Lloyd shares the story about a Russian Jewish immigrant who wanted to make gefilte fish for Passover. To keep the fish fresh until time to cook them, she let them swim around in the bathtub.
“That story creates quite an image,” says Lloyd. “It is at once funny and clever of her, but also a little sad. Of course, these [stories] played well because they were written for Jewish audiences on vacation in the Catskills, and these were inside jokes.”
The stereotype went mainstream, says Lloyd. “When the comedians appeared on ‘The Ed Sullivan Show,’ they told the same jokes, but somehow the punch-line seemed mean. Before long, Americans had a negative impression of Jewish mothers.”
Lloyd and Paula figured the best way to alter that stereotype was to have a broad cross-section of Jewish women tell their own stories, in their own words. It wasn’t an easy process. “Lloyd and I knew immediately that it was the concept to go with,” says Paula, a former staff member of Washington Jewish Week, “because we knew a book that represented Jewish mothers in a positive light had never been done. We wanted to set the record straight, to create a historically accurate, affirming book.”

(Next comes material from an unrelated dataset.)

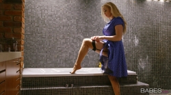В ролях: Ella Hughes, Rebecca Moore  Устроившись на диване, молодая парочка смотрела телевизор, но девушке очень быстро надоел этот процесс и она начала ласкать шею своего парня и ручками лезть к нему в штаны.  Всё бы так и продолжалось и возможно эта ситуация нашла бы своё логическое и сексуальное продолжение. Если бы в зал не зашла мама девушки проверить, чем занимается юная парочка, немного обломав молодых. Через некоторое время девушка уснула, парень решил пойти домой. Но, выходя он наткнулся, на провокационно открытую дверь в ванной комнате, откуда доносился шум воды. Он понимал, что в доме кроме его девушки и её мамы никого нет, тут его любопытство взяло над ним верх, он тихо подошёл к двери и стал подглядывать. Он видел, как раздевается сексуальная мамаша его девушки, обнажая свои красивые и пышные формы. Спустя несколько минут мамочка увидела, что за ней подглядывают, и позвала парня к себе поближе. Недолго думая, наглая мамаша соблазнила и занялась сексом с парнем дочери прямо в ванной под шум воды. Парень сразу же принялся делать куни этой сексуальной блонде, но длилось это недолго. В ванную зашла её дочь и обнаружив своего парня, который пытался спрятаться устроила скандал. Но, уверен это не последняя попытка мамочки отбить парня у дочери, очевидно, что парень ей понравился и она захочет продолжения. |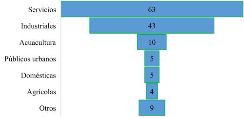 Es necesario reconocer que los problemas de contaminación en la bahía de Ensenada integran tanto los posibles impactos de las descargas domésticas como las no domésticas. Sin embargo, se plantea que las aguas residuales industriales representan un riesgo potencial mayor, derivado de las cargas contaminantes en sus procesos (WWAP, 2017), por ello, es medular conocer y entender su gestión. De acuerdo con la información del Repda, se encontraron 139 permisos de descarga, clasificados en 63 de servicios, 43 industriales, 10 de acuacultura, cinco domésticos, cinco urbanos, cuatro agrícolas y nueve clasificados como «otros» (gráfica 2). Si se ahonda en la clasificación del Repda se constata que no es clara, pues no justifica cómo en las industrias de servicios se encuentran las pesquerías y empacadoras, ni tampoco existe una clasificación por tipos de descarga y contaminantes, que podría ser muy útil para la toma de decisiones.

But the initial idea turned off some potential candidates.
“Many women feared the book was only going to enhance the old Jewish jokes and didn’t want to be a part of it,” says Paula. So the collaborators perfected their pitch. Within a few months, they had persuaded several prominent Jewish mothers to be profiled. The more women they convinced, the more who wanted to be in the book.
Although they both had full-time jobs, Paula and Lloyd hammered away at the project in their spare time. Tasks included finding subjects and setting up meetings, then taking trips around the country to conduct interviews and take photographs. Thousands of hours were spent writing, editing and rewriting the text.
Finally, in May of 2000, the first printed copies of the book arrived. “It was like waiting for our baby to be delivered,” says Paula who celebrated the publication by opening a bottle of champagne she had been chilling for four years.
Although most of the 20,000 copies printed have sold out since then, Paula and Lloyd continue to promote their book, traveling around the country to give lectures and hang exhibits of the photographs in bookstores, art and photo galleries and museums.
“The 50 people we interviewed are so very dedicated to their families, communities and their country,” Paula says. “Yet, if Lloyd and I were to do it all over again and pick a different set of 50 women, I think we could easily convey the same message. For the most part, America’s Jewish mothers are a success story. Their individual lives reflect Jewish concerns, but their joys and struggles as mothers have a universal appeal.”
It turns out Jewish men have much to share, too. Paula and Lloyd are currently collaborating on Mensch, a pictorial of 50 Jewish American fathers due in bookstores on Father’s Day, 2005.